Mangione: The Story Behind the Story by John H Richardson – Understanding a Criminal?
On December 5, 2024, a major newspaper ran the headline “Insurance CEO Gunned Down In Manhattan”. The report then noted that Brian Thompson was “shot in the back in Midtown Manhattan by a killer who then walked coolly away”. The murder in broad daylight was indeed both chilling and disturbing. But many Americans reacted differently: for those who had been denied health insurance or struggled with medical bills, the news felt like a release. Online platforms erupted. One post stated: “All jokes aside … no one here is the judge of who should live or perish. That’s the job of the AI algorithm the insurance company created to maximize profits on your health.”

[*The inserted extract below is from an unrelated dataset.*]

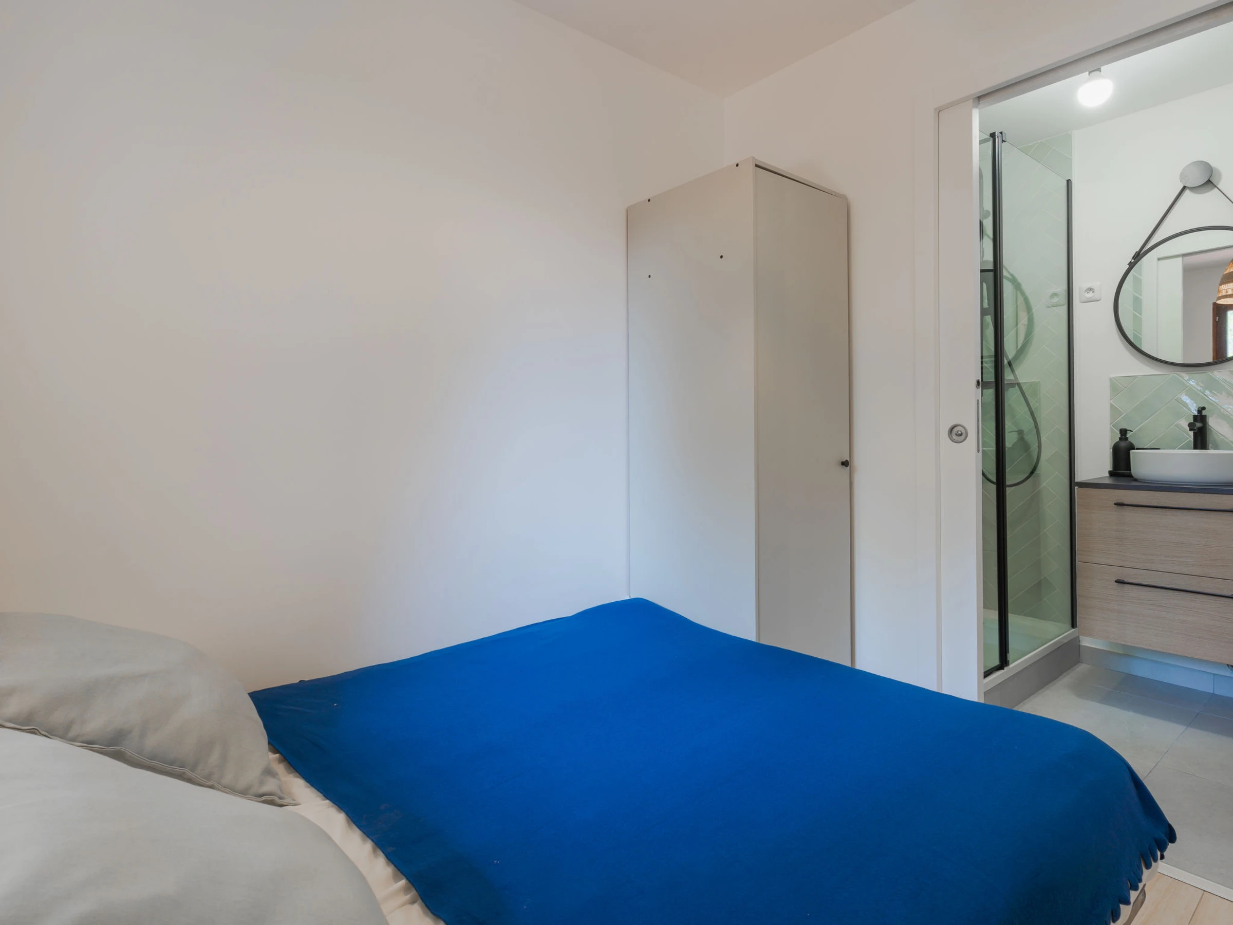 2-Zimmer-Wohnung 22 m2, im Erdgeschoss, Südlage. Wohn-/Esszimmer mit TV (Flachbildschirm). Ausgang zum Garten, zur Terrasse. 1 Zimmer mit 1 franz. Bett (1 x 140 cm, Länge 200 cm). Kochnische (4 Glaskeramikplatten, Toaster, Wasserkocher, Mikrowelle, elektrische Kaffeemaschine, Kapseln für die Kaffeemaschine (Phillips Or) extra). Bad/WC. E-Heizung. Grosser Garten 25 m2, Südlage. Terrassenmöbel, Liegestühle (2). Zur Verfügung: Internet (Wireless LAN, extra). Inserat einer Privatperson nach Artikel 155, IV, CGI.

Five days later, Luigi Mangione, a handsome, twenty-six-year-old University of Pennsylvania alumnus with a master’s in computer science, was arrested at a fast-food restaurant in Altoona, Pennsylvania. He awaits trial on criminal counts of murder, with the district attorney seeking the capital punishment. So what is his background? And what might have motivated the accused offense? These are the questions John H Richardson seeks to resolve in an inquiry that explores broader themes, too.
The Making of a Subject
A writer for a major publication, Richardson spent years researching the groups that lurk in the dark corners of the internet, writing stories about people “plagued by genuine concerns about an apocalyptic future”. To reveal “the making” of his subject, Richardson first examines Mangione’s wide-ranging book list. We learn that “[when] he was arrested, Luigi had a list of 295 books on Goodreads”. Their subject matter ranged from climate change to masculinity, along with a “emphasis on his own personal growth, both body and mind”. Additionally, Richardson sifts through his correspondence with influencers and authors as well as his many updates on digital networks. These primary sources, intended to depict a picture of Mangione, instead present him as an unclear character. Richardson tries to justify this by proposing that “Luigi’s mystery, in fact, is what gives him a little of that old trickster magic”. Here, as elsewhere, Richardson tries to frame his subject in archetypal terms.
Mangione is profoundly worried about the world around him, one where ‘change is rapid whether we like it or not’
Interpreting the Incident
As for “the meaning” of the title, Richardson uses as a clue three words – “postpone”, “deny” and “remove”, etched on the bullets left behind at the crime scene. These are the terms sometimes used by medical insurers to deny coverage. He looks at the evidence Mangione had a chronic back condition, which might have provided motive for an attack, but discovers no confirmation; instead, what meaning there is seems to rest in Mangione’s philosophical dread about the world around him, one where “the pace is quickening whether we like it or not, sliding faster and faster to the edge”; a world where the consensus seems to be that AI is going to eventually either take control, or destroy us, or both.
Missing Pieces
Notably missing from the book are conversations with the principal actors. Richardson made requests, but did not anticipate time with Mangione himself. And his family stated explicitly that they had chosen not to talk to the media in prior to the trial. Another glaring gap is any significant information about the victim, Thompson, though we learn that under his leadership, from 2021 to 2023, company earnings increased by 33%.
Ambiguous Findings
By book’s end, the audience has no clear understanding of Mangione’s personality or what might have motivated his accused actions. Worse still, Richardson’s obvious sympathy for him gives the reader the disturbing feeling of having been exposed to a veiled endorsement of an targeted killing. In the book’s final lines, Richardson presents his fairytale assessment: “We’ve entered a time of fables, the insane ruler, the beast in the labyrinth and the naked leader.” In that tale “Robin Hoods come with a beautiful promise … They arrive in periods of unrest, when the people are suffering and everything is confusing anymore.”
One thing is clear: as Mangione’s legal representatives works to have accusations that could lead to the death penalty dismissed, any mention of fables, Robin Hoods, champions or villains will not be admissible as evidence in support for this handsome young man with a “jawline … and lips … out of a Caravaggio painting” facing judgment for murder.